>>>

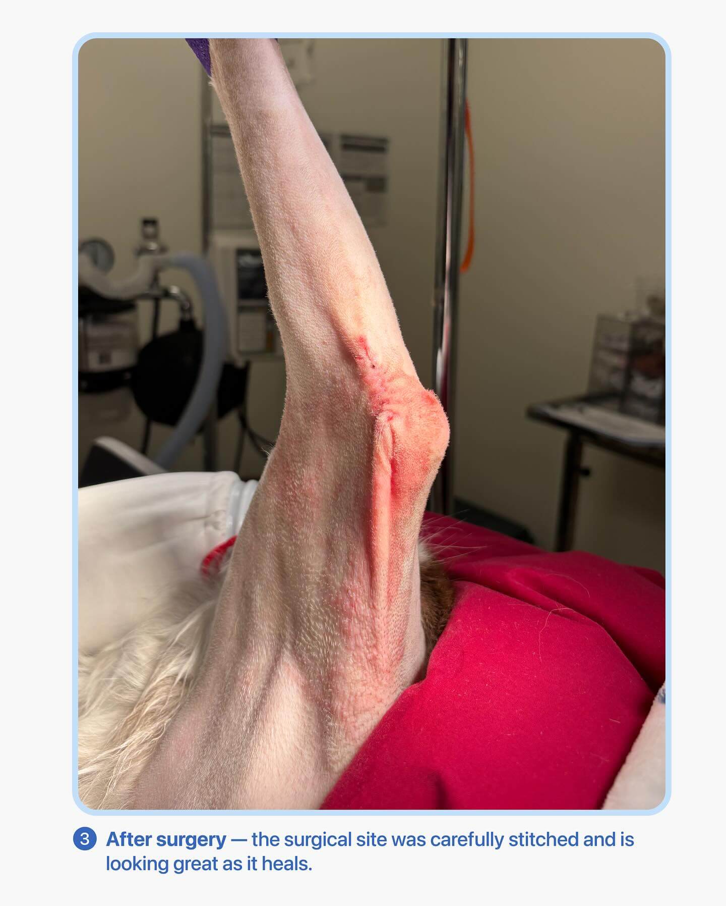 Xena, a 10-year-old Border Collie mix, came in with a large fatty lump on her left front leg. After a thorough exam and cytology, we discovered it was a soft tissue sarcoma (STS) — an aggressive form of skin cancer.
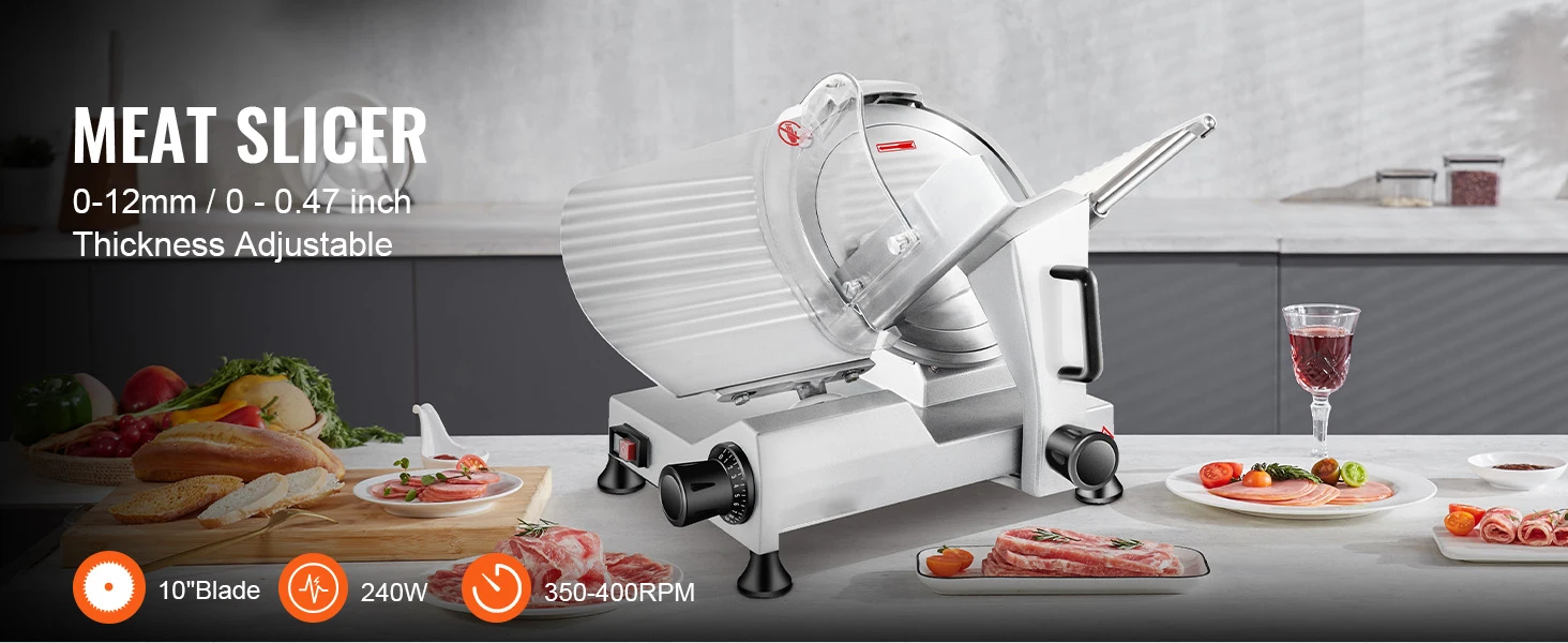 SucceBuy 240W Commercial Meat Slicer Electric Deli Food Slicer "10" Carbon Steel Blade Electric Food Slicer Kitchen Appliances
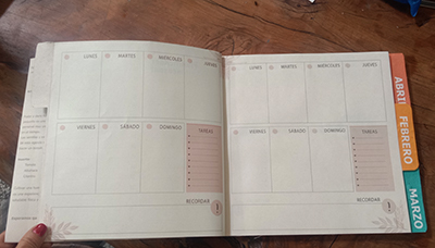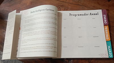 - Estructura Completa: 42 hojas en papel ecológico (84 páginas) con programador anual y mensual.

<<<

▶ **Task brief**: Having located the line with "SucceBuy 240W Commercial", transcribe exactly and only the lines from it to the final line of the material, skipping the pictures.

▶ **Answer to the exercise**:
 SucceBuy 240W Commercial Meat Slicer Electric Deli Food Slicer "10" Carbon Steel Blade Electric Food Slicer Kitchen Appliances
 - Estructura Completa: 42 hojas en papel ecológico (84 páginas) con programador anual y mensual.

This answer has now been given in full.